Äffle und Pferdle oder das Sams?

Ein Vorschlag für die «Pferdle und Äffle»-Ampel. Foto: Klaus Winter/Fanclub "Pferdle und Äffle"

Wie genau die Symbole auf der Ampel aussehen sollen, ist Klaus Winter egal. Ob rot oder grün, ob Äffle oder Pferdle oben oder unten zu sehen sind - das spielt für den Vorstand des Pferdle-und-Äffle-Fanclubs keine Rolle. «Hauptsache die Pferdle-und-Äffle-Ampel kommt nach Stuttgart.»

Winter will mindestens eine Lichtanlage in Stuttgart individuell gestalten - mit den SWR-Kultfiguren Äffle und Pferdle anstelle der herkömmlichen Männchen. In anderen Städten ist man bei den individuellen Ampeln schon weiter.

Die Idee kam auf, als im vergangenen November eine Mainzelmännchen-Ampel in der Mainzer Innenstadt aufgestellt wurde. Winter fragte sich, warum das nicht auch in Stuttgart möglich sei - und startete eine Online-Petition. Bis zum Ende am vergangenen Sonntag fanden sich mehr als 12 000 Unterstützer, rund 7300 allein aus Stuttgart.

Trotz der Unterstützung stehen die Zeichen für eine Pferdle-und Äffle-Ampel auf Rot. Im Januar hatte der Referent von Ordnungsbürgermeister Martin Schairer (CDU), Hermann Karpf, mitgeteilt, dass die Motive rechtlich nicht zulässig seien. Ähnlich sieht das Stadtsprecher Sven Matis. «Die Idee ist charmant, aber bei der Verkehrssicherheit hört der Spaß auf.» Die Verkehrsregelung müsse für alle auf den ersten Blick zu erkennen sein - und das sei beim Motiv von Äffle und Pferdle nicht der Fall.

Auch anderenorts engagieren sich Bürger und Städte für eigene Motive: In Bamberg forderten Bürger und die CSU-Fraktion im vergangenen November eine Sams-Fußgängerampel. Eine Lichtanlage in einer Fußgängerzone unweit des Drehorts der Kinderserie soll umdekoriert werden. Mit der Sams-Ampel wolle man den in Bamberg lebenden Autor des gleichnamigen Kinderbuchs, Paul Maar, zu seinem 80. Geburtstag in diesem Jahr gratulieren. Allerdings könne man die Ampel aufgrund von Richtlinien maximal ein Jahr lang umdekorieren.

Ähnlich sieht es in Augsburg aus: Die Redaktion eines lokalen Fernsehsenders schlug den Kasperl aus der Augsburger Puppenkiste als Motiv vor. Josef Weber, Leiter des Tiefbauamtes, steht der Idee offen gegenüber. «Wir würden die Signalanlage gerne langfristig in Betrieb nehmen», sagte Weber. Die Bedenken der Stuttgarter Behörden im Falle von Äffle und Pferdle kann er allerdings nachvollziehen: «Eigentlich entsprechen solche Ampeln nicht den Richtlinien.»

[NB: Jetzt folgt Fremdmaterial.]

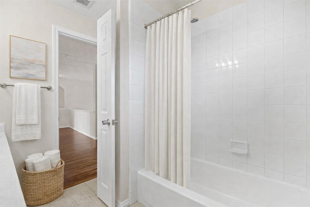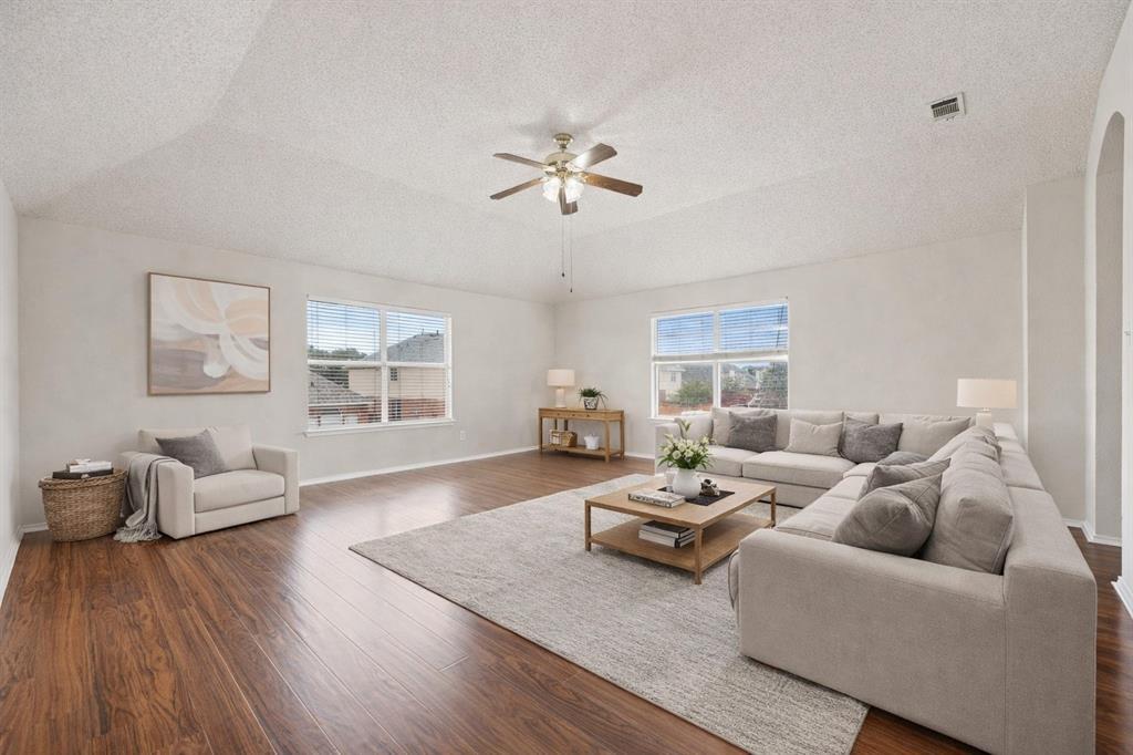 Immaculate 4-bedroom, 2.5-bathroom, Formal Living room accompanied by large living room, Formal dining area, breakfast area, Media-Game room home is nestled in the coveted Allen Independent School District featuring an open floor plan bathed in natural light, featuring sleek new stainless steel appliances, fresh paint, and new beautiful wood laminate floors and new quartz counter tops in bathrooms throughout. The spacious master suite is a private retreat, while the upstairs game room offers additional entertainment space. Enjoy outdoor living in the expansive backyard.

Die Ampelfrau hingegen scheint mit den Richtlinien für Lichtsignalanlagen übereinzustimmen. Vor allem im Osten Deutschlands ist das weibliche Pendant zur Standardfigur stark vertreten: Unter anderem findet man sie in Magdeburg, Leipzig, Zwickau, Fürstenwalde und Erfurt. Erfurt gilt als besonders kreativ: Zehn individuelle Motive zählt Frank Rupprecht, Abteilungsleiter für Verkehr bei der Stadt Erfurt. Neben der Ampelfrau und dem Ost-Ampelmännchen sind auf den Lichtanlagen unter anderem ein Bäckergeselle, ein Mann mit Regenschirm, ein Wanderer und eine Figur mit Zuckertüte in der Hand abgebildet. Die Motive sind Überbleibsel aus der Zeit vor der Wende. «Damals ging manches, was heute nicht mehr möglich ist», sagt Rupprecht.

In den kommenden Tagen will Winter die Petition für die noch ungewisse Pferdle und Äffle-Ampel an die Stadt übergeben. Er hofft, dass die Stadt die vielen Vorteile einsieht. So könne Stuttgart die beiden Maskottchen vermarkten und den Tourismus ankurbeln. Damit wären Winter zufolge die geschätzten Kosten von rund 500 Euro für eine Ampel schnell wieder drin.